Norconex Importer is a Java library and command-line application meant to "parse" and "extract" content out of a file as plain text, whatever its format (HTML, PDF, Word, etc). In addition, it allows you to perform any manipulation on the extracted text before using it in your own service or application.
http://www.norconex.com/collectors/importer/
Apache License 2.0
32 stars 23 forks source link

Strip Characters in title #109

Closed bkisselbach closed 4 years ago

bkisselbach commented 4 years ago

We need to trim down the title that a webpage has but I can't get it to work. The title has pipes ( | ) in it and we want to only keep the words to the left of the first pipe.

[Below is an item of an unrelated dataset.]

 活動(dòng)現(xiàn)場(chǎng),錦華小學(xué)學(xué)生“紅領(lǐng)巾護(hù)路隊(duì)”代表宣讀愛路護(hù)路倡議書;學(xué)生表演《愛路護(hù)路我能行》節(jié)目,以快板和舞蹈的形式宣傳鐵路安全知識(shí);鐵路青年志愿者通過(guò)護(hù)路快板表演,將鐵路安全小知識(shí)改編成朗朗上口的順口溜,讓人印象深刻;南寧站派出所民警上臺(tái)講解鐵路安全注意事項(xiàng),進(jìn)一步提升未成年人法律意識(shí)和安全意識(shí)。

I've tried the textbetween tagger like this:

.* ^ \|
bkisselbach commented 4 years ago
 <tagger class="com.norconex.importer.handler.tagger.impl.TextBetweenTagger" >
                       <restrictTo caseSensitive="false" field="title">.*</restrictTo>
                        <textBetween name="title">
                            <start>^</start>
                            <end>\|</end>
                        </textBetween>
                    </tagger>
essiembre commented 4 years ago

I can think of a few possible causes.

The restrictTo is meant to only apply a handler to certain documents, not fields. What you have right now is restricting the textBetween logic to all documents matching .* in their title (so all documents).

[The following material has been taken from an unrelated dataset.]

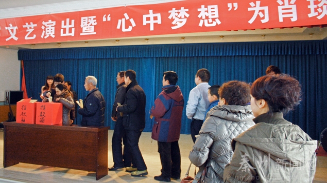 為幫助肖琰母子籌措醫(yī)藥費(fèi),重拾生活的信心,慶路社區(qū)于今日舉辦了“雙聯(lián)”文藝演出暨“心中夢(mèng)想”為肖琰捐款儀式。演出現(xiàn)場(chǎng),市區(qū)有關(guān)單位,轄區(qū)友好單位,社會(huì)各界愛心人士,黨員群眾共為肖琰捐款35641元。我市知名書畫家楊蔭農(nóng)、翟東祥等還為社區(qū)增送了春聯(lián)和書畫作品,以表心意。

It should otherwise work. I suggest you put a DebugTagger just before yours to print out the title at that point, to confirm it is what you expect at that stage. It is possible for instance that you have more than one title value. This would show it. E.g.:

<tagger class="com.norconex.importer.handler.tagger.impl.DebugTagger"
          logFields="title" logLevel="INFO" />

You can add the same DebugTagger right after yours to see if ANY transformation occurred on that field.

You can also try the ReplaceTagger instead, like this (untested):

  <tagger class="com.norconex.importer.handler.tagger.impl.ReplaceTagger">
      <replace regex="true" fromField="title">
          <fromValue>^(.*?)\|.*</fromValue>
          <toValue>$1</toValue>
      </replace>
  </tagger>
bkisselbach commented 4 years ago

Perfect. I added a little to remove the whitespace. ^(.?)\s|.

Thanks!